Input records:

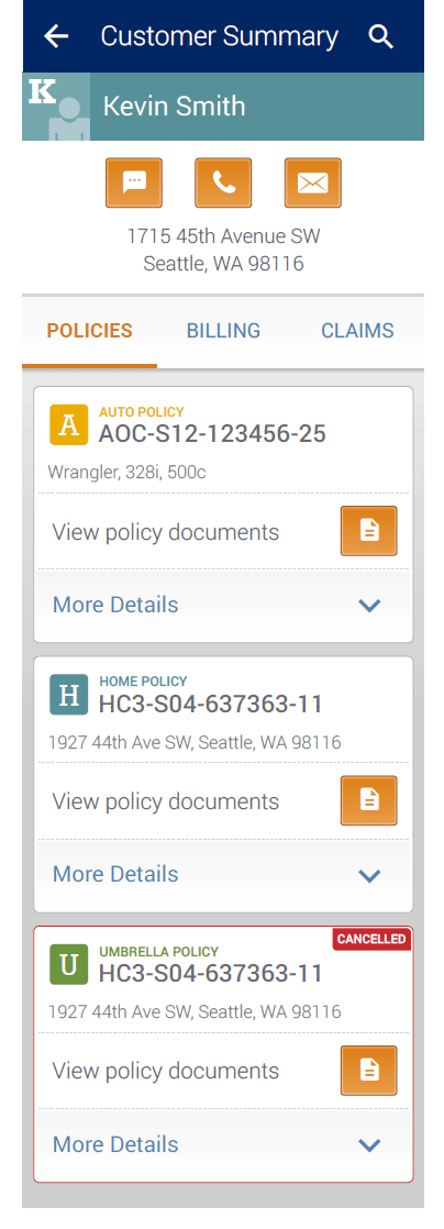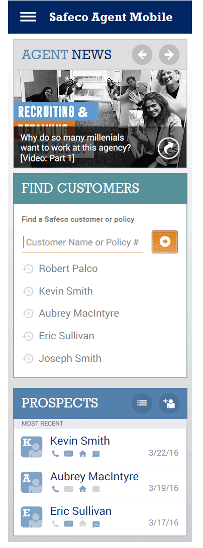 As a result of user research for the Safeco/Liberty Mutual B2B redesign, it was determined that our users wanted a mobile solution for the sales and servicing portal. My team was charged with the product and UX/UI design for this project.
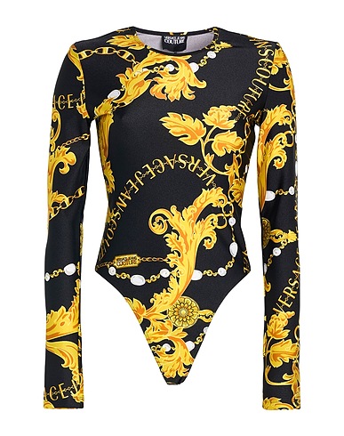 synthetic jersey, stretchy fabric, signature print, brand logo, crewneck, long sleeves, hook fastenings, hand wash or dry clean, do not bleach, do not tumble dry, this brand runs small
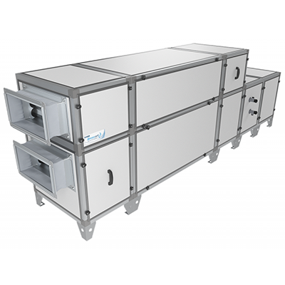 - Приточно-вытяжная установка напольного типа с противоточным пластинчатым рекуператором и системой защиты от замерзания, эффективный рабочий диапазон до -35°С с водяным охладителем и электрическим нагревателем.
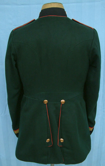 | The back of the Waffenrock showing the piping arrangement on the rear skirt. Sachsen (Saxon) Waffenrock had a unique pattern of rear skirt with reduced buttons and straight piping. The bottom edge of all Sachsen Waffenrock are piped. |
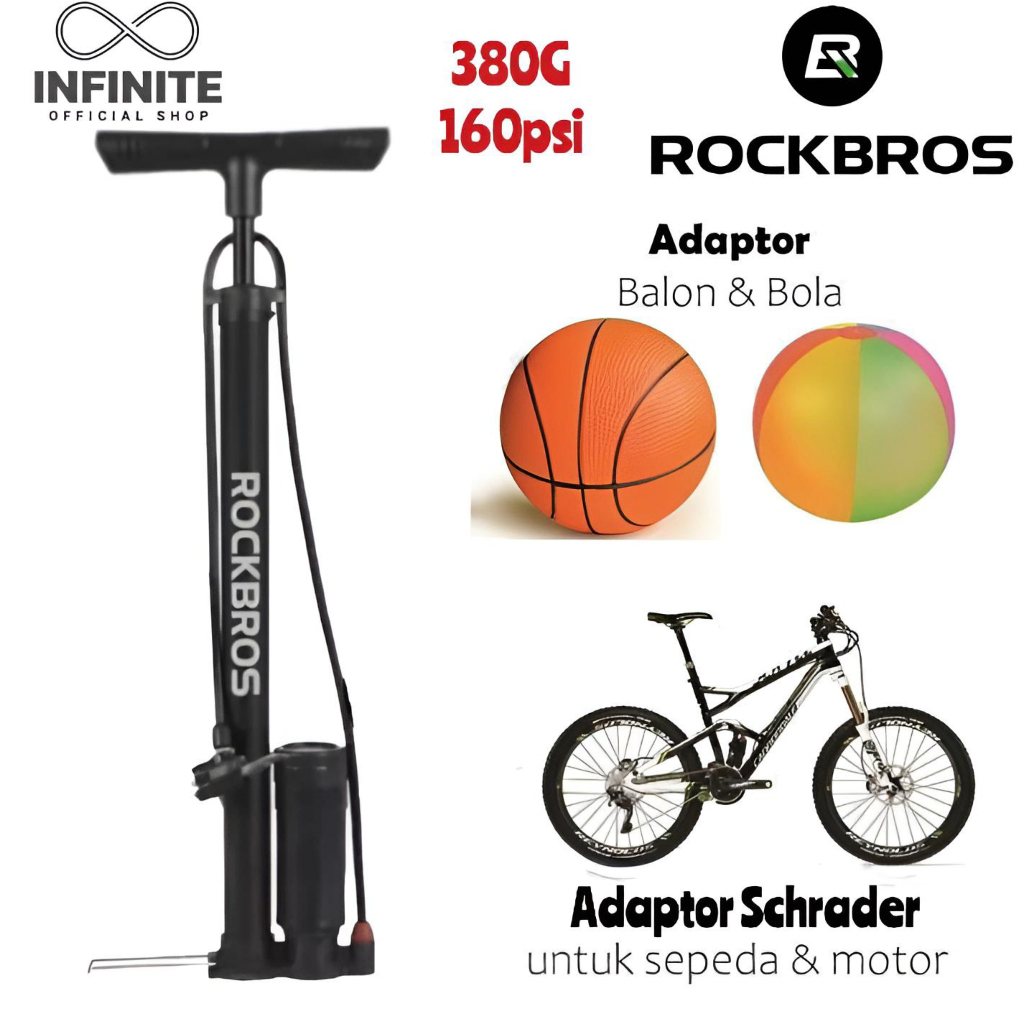 Pompa Angin Sepeda Motor Bola Air Pump Road Bike Mtb ROCKBROS 380G 160 PSI
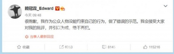 24일 오전 라이관린은 자신의 웨이보에 "죄송하지만 저는 공인으로서 제 행동을 단속하지 못하고 잘못된 행동을 보였습니다. 여러분들의 비판을 수용하고, 다시는 그러지 않겠습니다"라는 글을 적었다.

What you are asked to do: What this calls for is the material above set down exactly, pictures excluded.

Response below:
 As a result of user research for the Safeco/Liberty Mutual B2B redesign, it was determined that our users wanted a mobile solution for the sales and servicing portal. My team was charged with the product and UX/UI design for this project.
 synthetic jersey, stretchy fabric, signature print, brand logo, crewneck, long sleeves, hook fastenings, hand wash or dry clean, do not bleach, do not tumble dry, this brand runs small
 - Приточно-вытяжная установка напольного типа с противоточным пластинчатым рекуператором и системой защиты от замерзания, эффективный рабочий диапазон до -35°С с водяным охладителем и электрическим нагревателем.
 | The back of the Waffenrock showing the piping arrangement on the rear skirt. Sachsen (Saxon) Waffenrock had a unique pattern of rear skirt with reduced buttons and straight piping. The bottom edge of all Sachsen Waffenrock are piped. |
 Pompa Angin Sepeda Motor Bola Air Pump Road Bike Mtb ROCKBROS 380G 160 PSI
 24일 오전 라이관린은 자신의 웨이보에 "죄송하지만 저는 공인으로서 제 행동을 단속하지 못하고 잘못된 행동을 보였습니다. 여러분들의 비판을 수용하고, 다시는 그러지 않겠습니다"라는 글을 적었다.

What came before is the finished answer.